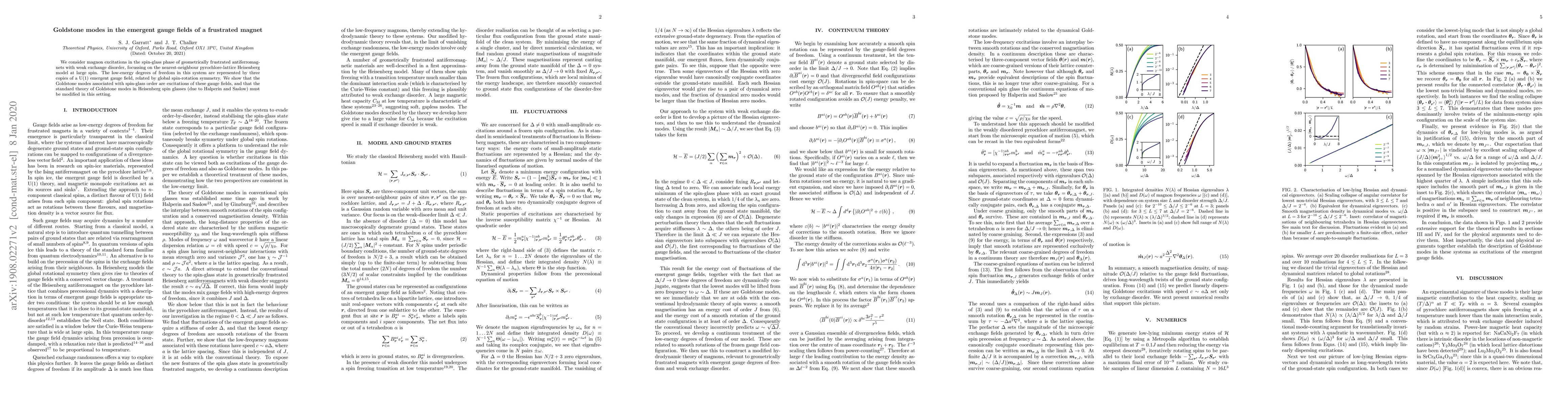 This paper investigates magnon excitations in spin-glass phases of frustrated antiferromagnets, particularly focusing on the pyrochlore-lattice Heisenberg model. It reveals that the Goldstone modes linked to spin-glass order emerge from three U(1) emergent gauge fields, necessitating a modification of the conventional Goldstone theory in this context.
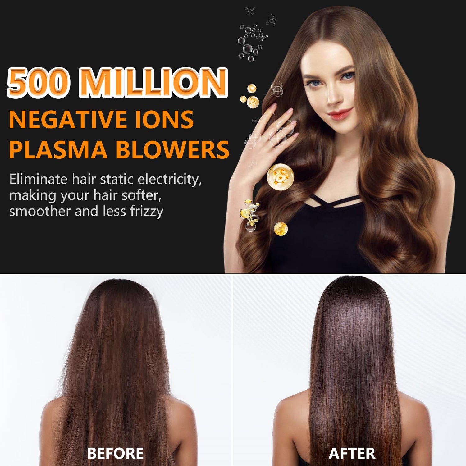 - 【Advanced Negative Ionic Care for Smooth Hair】The upgraded version of Negative Ionic hair dryer built in Negative Ionic generator and it can release 2 billion Negative Ionic during the blow-drying process, helps eliminate static charge from your hair so it's less frizzy, smoother and more shine.
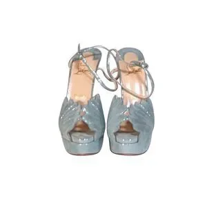 Christian Louboutin - Aqua Blue Metallic Platform "Botticella Alta" Strappy Pum

# Exercise requirements
Could you give the material above again, exactly and without its pictures?

# Answer for the task
 This paper investigates magnon excitations in spin-glass phases of frustrated antiferromagnets, particularly focusing on the pyrochlore-lattice Heisenberg model. It reveals that the Goldstone modes linked to spin-glass order emerge from three U(1) emergent gauge fields, necessitating a modification of the conventional Goldstone theory in this context.
 - 【Advanced Negative Ionic Care for Smooth Hair】The upgraded version of Negative Ionic hair dryer built in Negative Ionic generator and it can release 2 billion Negative Ionic during the blow-drying process, helps eliminate static charge from your hair so it's less frizzy, smoother and more shine.
 Christian Louboutin - Aqua Blue Metallic Platform "Botticella Alta" Strappy Pum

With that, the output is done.